# What you will do:
Give the listing again exactly, skipping any pictures it holds.

# Supplied data:
+---+
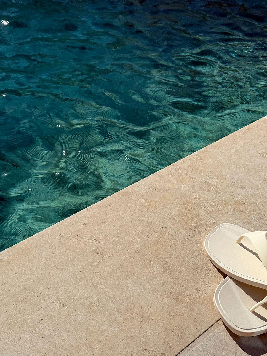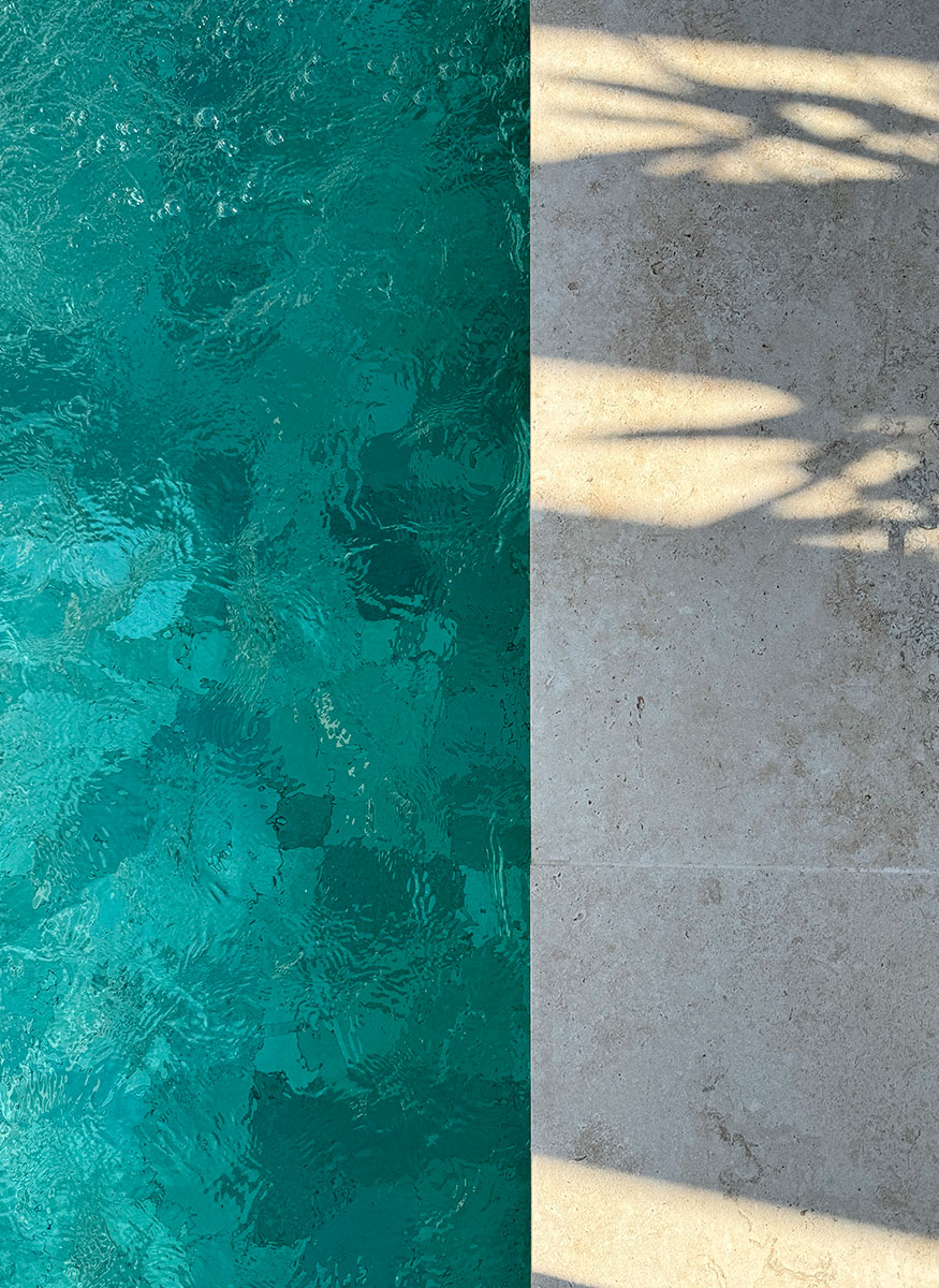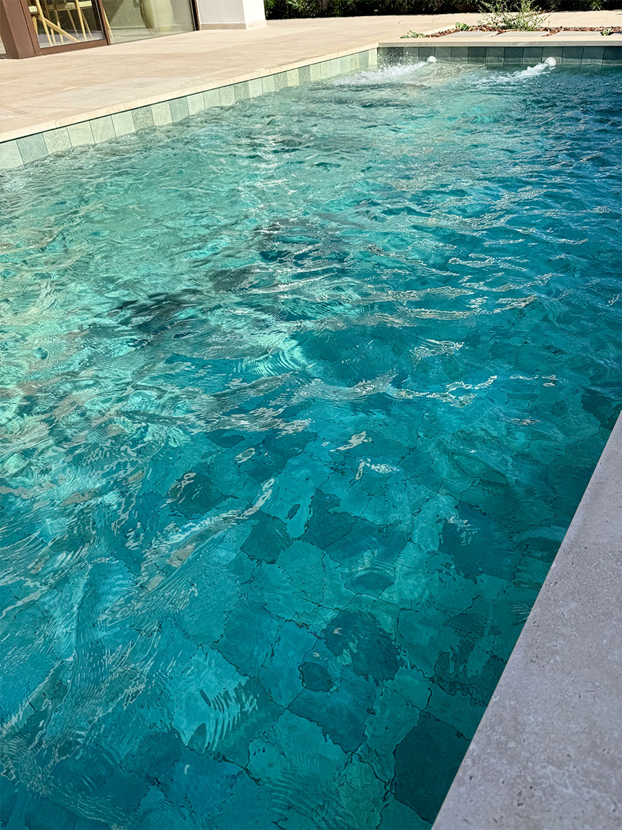 En el interior de la piscina y su coronación, la colección Bali Zatu transforma el agua en un espectáculo visual único. Su tonalidad cálida y natural, inspirada en las piedras de Bali, realza la luminosidad del agua y genera un efecto envolvente que invita al relax.
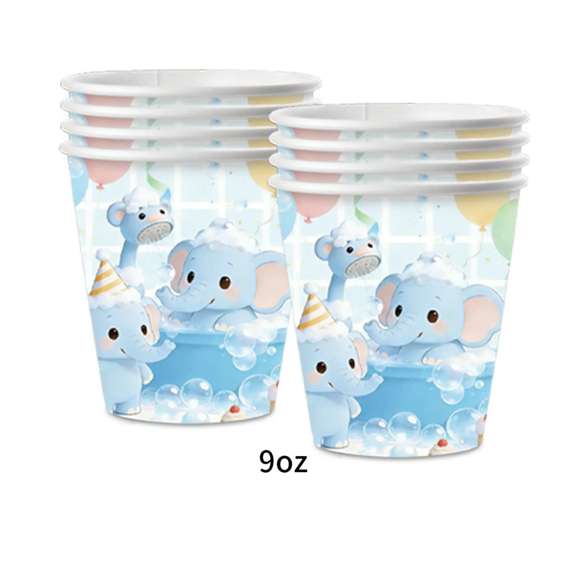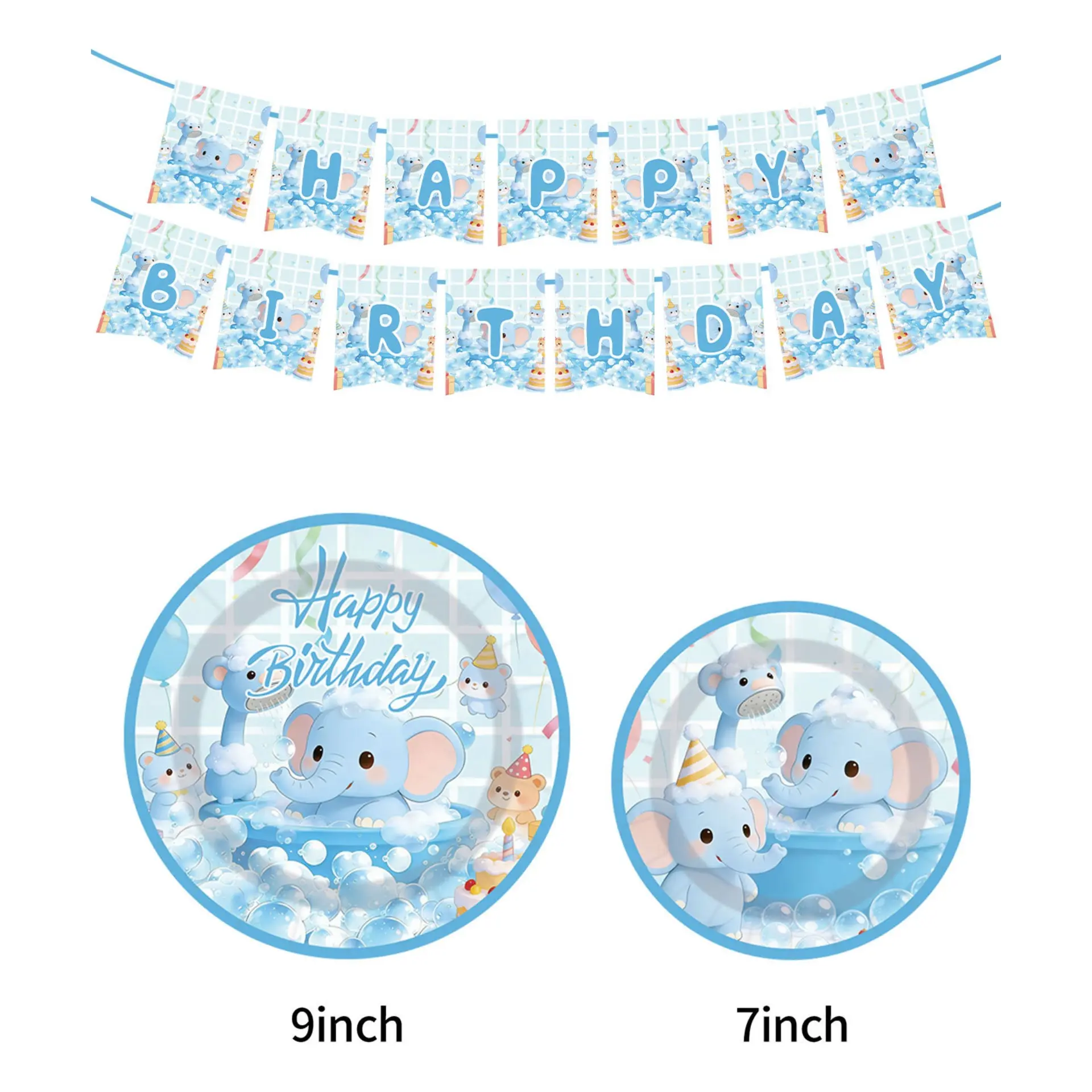 Cute elephant bath theme birthday party party arrangement set disposable paper plate paper cup paper towel tableware
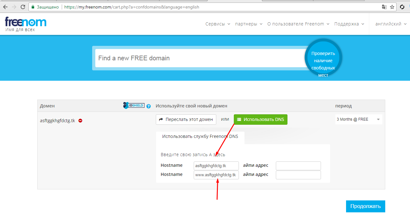 Как рега бесплатный домен tk
+---+
# The answer:
 En el interior de la piscina y su coronación, la colección Bali Zatu transforma el agua en un espectáculo visual único. Su tonalidad cálida y natural, inspirada en las piedras de Bali, realza la luminosidad del agua y genera un efecto envolvente que invita al relax.
 Cute elephant bath theme birthday party party arrangement set disposable paper plate paper cup paper towel tableware
 Как рега бесплатный домен tk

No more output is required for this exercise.